Scan line polygon filling algorithm with example

What is the Scan line algorithm for polygon filling

In computer graphics, a scan line algorithm is a process of filling regions of a polygon that are geometrically defined by the coordinates of vertices of this polygon graph. This algorithm is specially used for the region filling just like the boundary-fill and flood-fill algorithms. The specialty of this algorithm is that it scans lines at a time rather than scans a pixel. This property makes it faster than others.

Scan line polygon fill algorithm

step 1: Locate all intersection points of the scan line with polygon edges in the given graph.

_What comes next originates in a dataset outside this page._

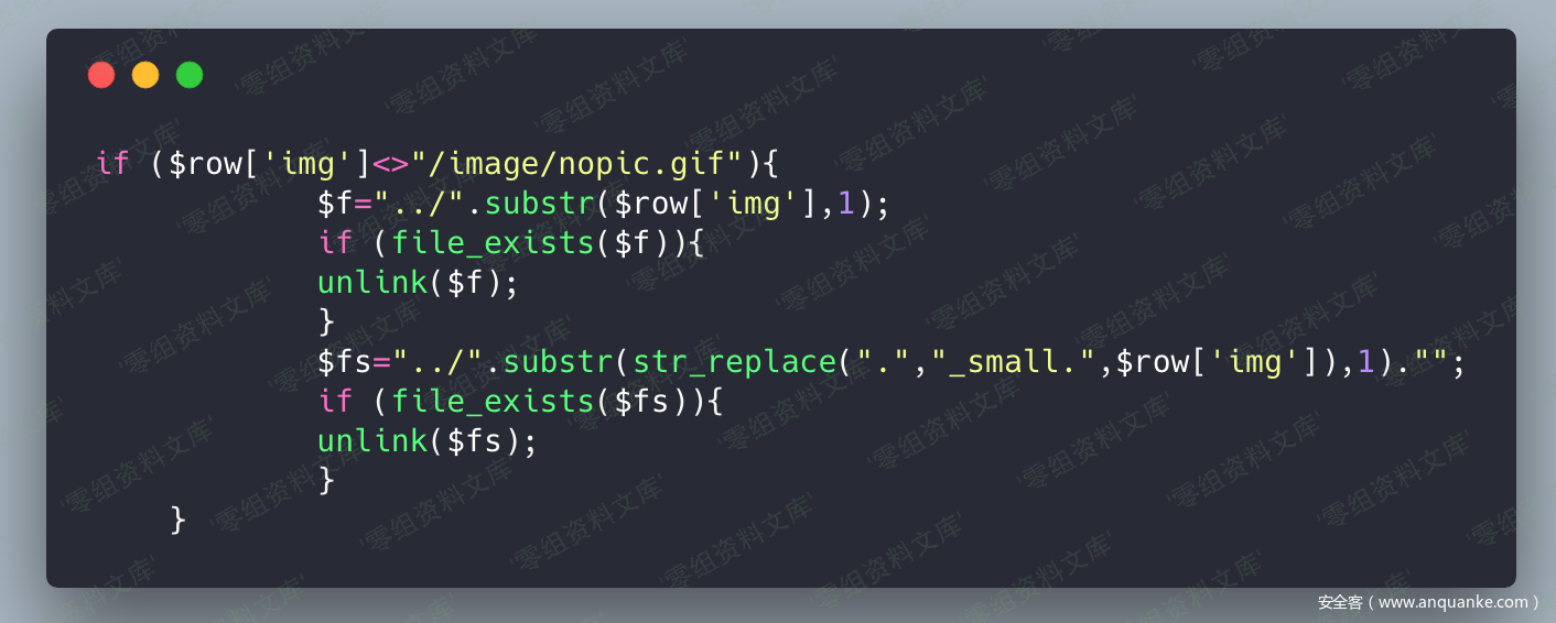 看到是从数据库中取出的img字段,然后直接判断了是不是默认值,然后检查文件存在,最后是删除,这其中并没有涉及到文件合法性检查。

step 2: Pair the intersection points in a series. ex. : {(7,20), (8,20}

step 3: Move up or down the scan line concerning the x-axis or y-axis and put pairs in the series. ex. : {(7,19), (8,20}, {(5,20), (4,20}, {(3,22), (2,24}

step 4: All pairs of rows in the series need to be sorted according to y_min or y_max (choose anyone).

step 5: Now, start the area filling from the sorted pairs.

Scan line algorithm polygon fill example

From the algorithm, we know that each scan line finds all intersection points between the current scan line and the edges. For the example of the scan line polygon filling algorithm, A polygonal region following a sequence of vertices V1, V2, V3, ...., V7's are connected with the following edges E1, E2, E3, ....., E7 that are drawn in the below figure. Each vertex V1 to V7 with coordinates (Xi, Yi) has been scan-converted in the integer value. So, all scanning processes in the polygon will be considered as the integer value.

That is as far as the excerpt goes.